When readers complained about all the gossip in his newspaper, Franklin published an anonymous letter (written by himself, of course) defending gossip as "the means of preventing powerful, politic, ill-designing men from growing too popular. All-examining Censure, with her hundred eyes and her thousand tongues, soon discovers and as speedily divulges in all quarters every least crime or foible that is part of their true character. This clips the wings of their ambition." Franklin argued that gossip columns promote good behavior because, "what will the world say of me if I act thus? is often a reflection strong enough to enable us to resist the most powerful temptation to vice or folly. This preserves the integrity of the wavering, the honesty of the covetous, the sanctity of some of the religious, and the chastity of all virgins." Of course, Franklin wasn't publishing gossip to protect the virgins; he was just out to sell newspapers.

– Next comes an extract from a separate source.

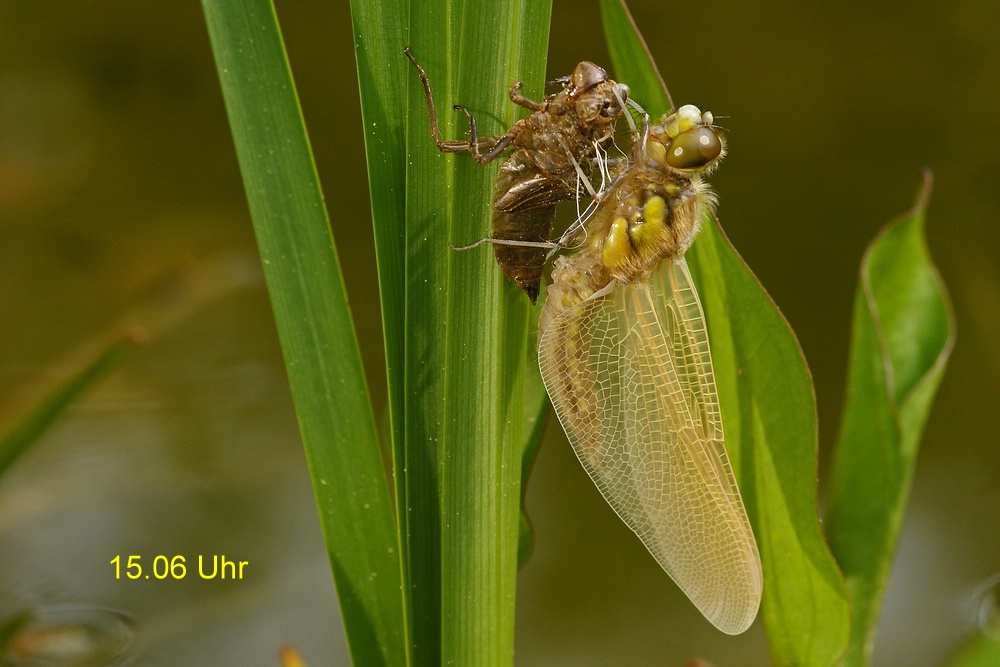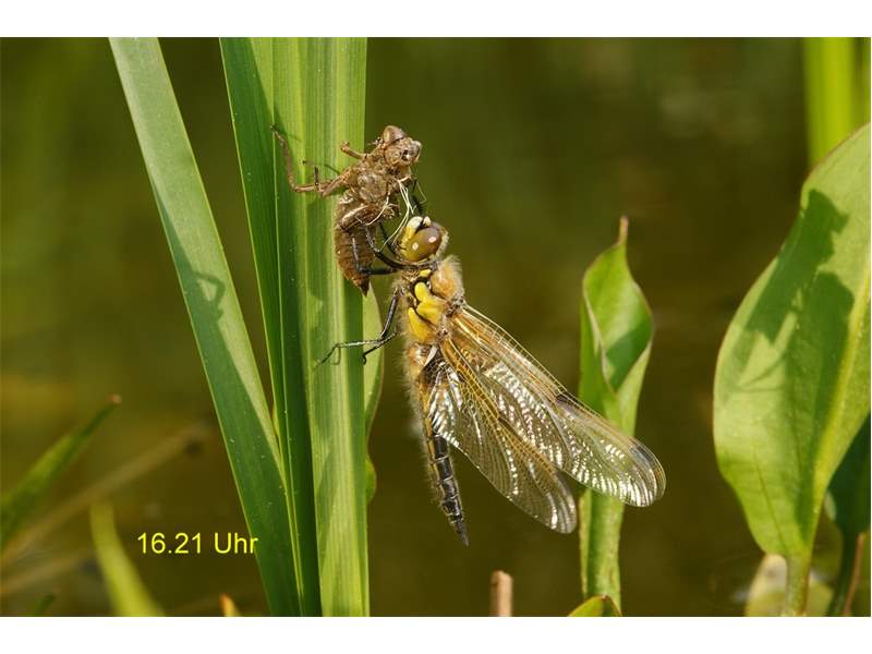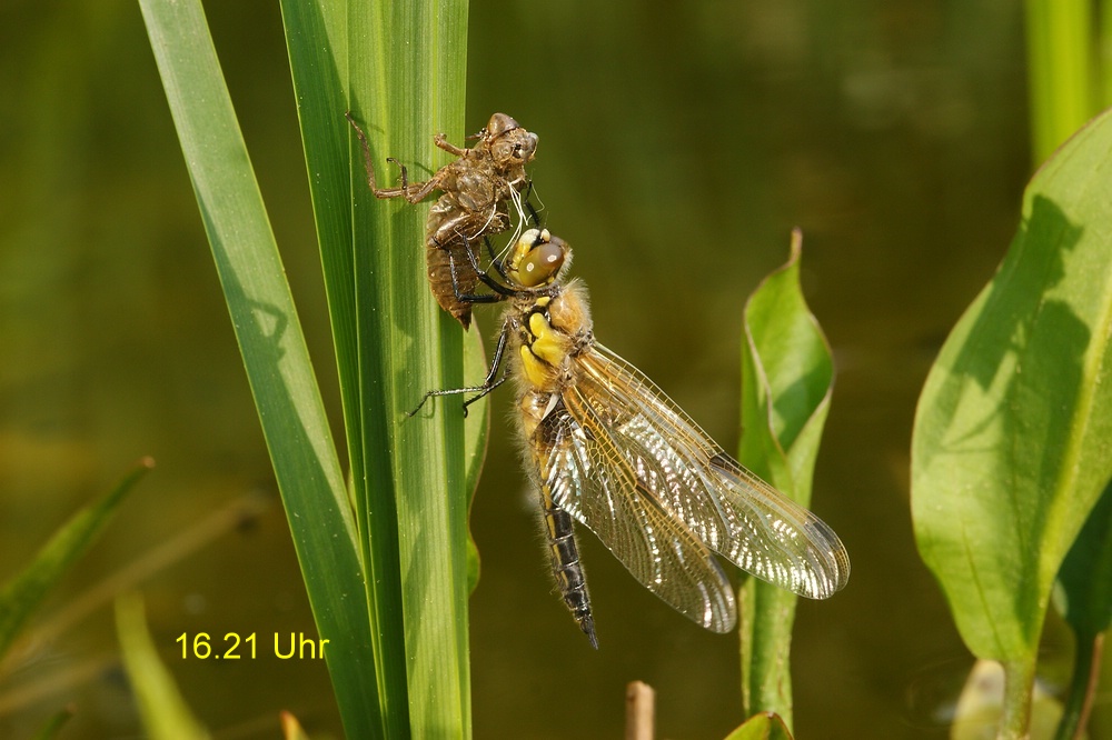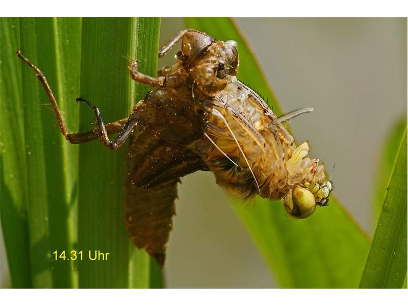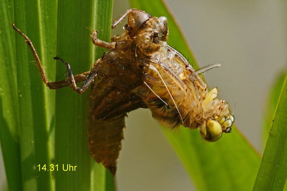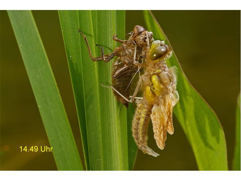 Vierfleck am16.05.2015 im Tharandter Wald am Triebischsee. Der Schlupfvorgang auf den sechs Bildern ist mit realen Uhrzeiten beschriftet (Auswahl aus ca. 200 Aufnahmen).

He also invented America's first sexual and moral advice column. In 1731 he published an anonymous letter (which he wrote) asking, "Suppose a person discovered that his wife was having an affair with a neighbor, and suppose he had reason to believe that if he revealed this to his neighbor's wife she would agree to have sex with him, is he justifiable in doing it?" In the voice of the editor, Franklin self-righteously replied to his own letter, "Return not evil for evil, but repay evil with good." In a 1731 treatise, "Advice to a Young Man on the Choice of a Mistress," Franklin recommended sex with older women, "because in every Animal that walks upright, the Deficiency of the Fluids that fill the Muscles appears first in the highest Part: The Face first grows lank and wrinkled; then the Neck; then the Breast and Arms; the lower Parts continuing to the last as plump as ever: So that covering all above with a Basket, and regarding only what is below the Girdle, it is impossible of two Women to know an old from a young one." Sex with a basket-covered older woman also avoided pregnancy. Franklin pointed out that "as in the dark all Cats are grey, the Pleasure of corporal Enjoyment with an old Woman is at least equal, and frequently superior, every Knack being by Practice capable of Improvement." "And Lastly," Franklin concluded, "they are so grateful!!"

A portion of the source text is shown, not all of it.